Polifenoller: Sorghum, kepek, arpa, pirinç gibi tahıl sirkeleri genellikle gallik asit, kafeik asit, salisilik asit gibi asitleri içerirken, meyve sirkeleri kateşin, epikateşin, rutin gibi fenolik bileşikleri içerebilir. Kırmızı şarap sirkesinde en yüksek oranda bulunan bileşik kaftarik asittir. Nar sirkesinde ise en fazla protokateşuik asit bulunmuş, ardından galik asit gelir. sirkesi ise gallik asit, kateşinler, kafeik asit, ferulik asit gibi flavonoidleri içerir. Bu fenolik bileşikler, antioksidan özellikleri sayesinde lipid metabolizmasını düzenleme, kan basıncını kontrol etme, kardiyovasküler hastalıkları önleme, karaciğeri koruma ve yaşlanmaya karşı koruyucu görevler üstlenirler.
Sirke içilmesi sindirimi nasıl etkiliyor..
Sirkenin içilmesi, ağızda gerçekleşen sindirimin %30-40’ını oluşturan kompleks karbonhidratların sindirimini azaltabilir. Çünkü sirke, pH’ı 4’ün altına düştüğünde amilazın inaktive olmasına neden olur ve sindirim süreci yavaşlar ya da hiç gerçekleşmez. Bu durumda karbonhidrat emilimi azalır.
Yapılan araştırmalarda, karbonhidrat içeren bir öğünle birlikte 20 ml elma sirkesi içildiğinde, 120. dakikada tokluk kan şekerinin %20 daha az olduğu tespit edilmiştir. Diğer bir çalışmada ise tip 2 diyabeti olan bireylere 1 ay boyunca günde 15 ml elma sirkesi verildiğinde HbA1c seviyelerinde azalma, 8 hafta boyunca günde 30 ml sirke alanlarda ise kan lipidlerinde iyileşme gözlemlenmiştir.

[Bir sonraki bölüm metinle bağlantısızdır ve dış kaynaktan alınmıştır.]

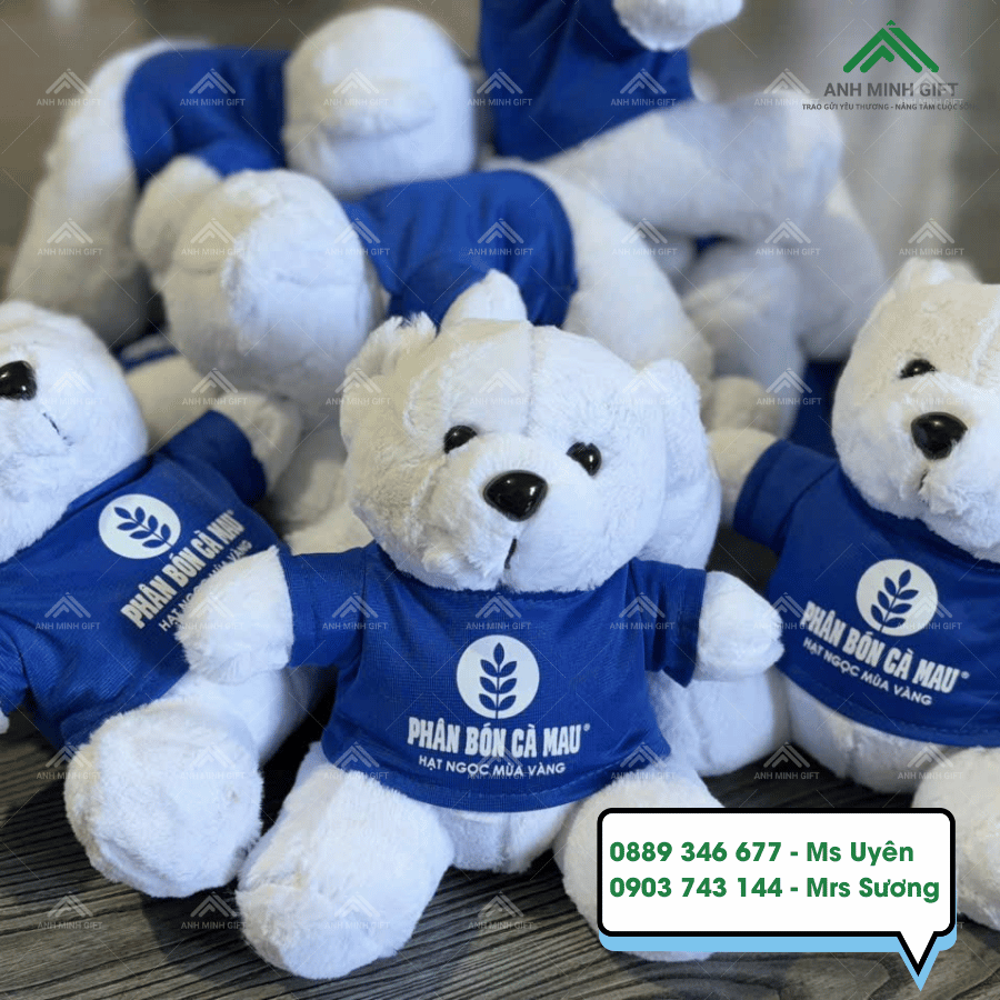 Gấu bông mặc áo thun in logo: Đây là lựa chọn phổ biến nhất vì chi phí hợp lý và diện tích in logo trên áo rất lớn, dễ nhận diện.

Bu bilgiler ışığında sirke 10-30 ml/gün salatada, seyreltilmiş olarak içecekte tüketilebilse de sürekli tüketmek kronik çıdan sağlık sorublarına yol açma olasılığı oldukça yüksek.

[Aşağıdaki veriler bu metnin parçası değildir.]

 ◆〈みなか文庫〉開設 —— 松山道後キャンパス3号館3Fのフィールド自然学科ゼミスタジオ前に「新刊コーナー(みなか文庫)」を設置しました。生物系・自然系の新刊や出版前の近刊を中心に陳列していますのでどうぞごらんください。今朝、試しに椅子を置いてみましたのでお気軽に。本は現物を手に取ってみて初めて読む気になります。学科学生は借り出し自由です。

Sirkesinin yol açtığı değişiklikler nelerdir?
Sirekenin belirli mikatra kullanımıyla ilgili olarak etkileri kesin olarak belirlenemese de, aşağıdaki potansiyel etkileri sağlayabilir:
1. PCOS için insülin duyarlılığını artırabilir.
2. Gece içildiğinde sabah açlık kan şekeri düşük çıkabilir.
3. HbA1c, beden kütle indeksi, bel çevresi ve viseral yağda azalma veya değişiklik olabilir.
4. Toplam kolesterol, LDL kolesterol, trigliserit seviyelerinde düşüş ve HDL kolesterolde artış sağlayabilir.
5. Kronik kullanımı reflüye neden olabilir ve diş erozyonuna yol açabilir.
6. Antioksidan içeriği sayesinde anti-kanser ve anti-bakteriyel etkiler gösterebilir.
Özellikle reflü, gastrit gibi mide hastalığı olan bireylerde içilmemesi gerektiği vurgulanmış.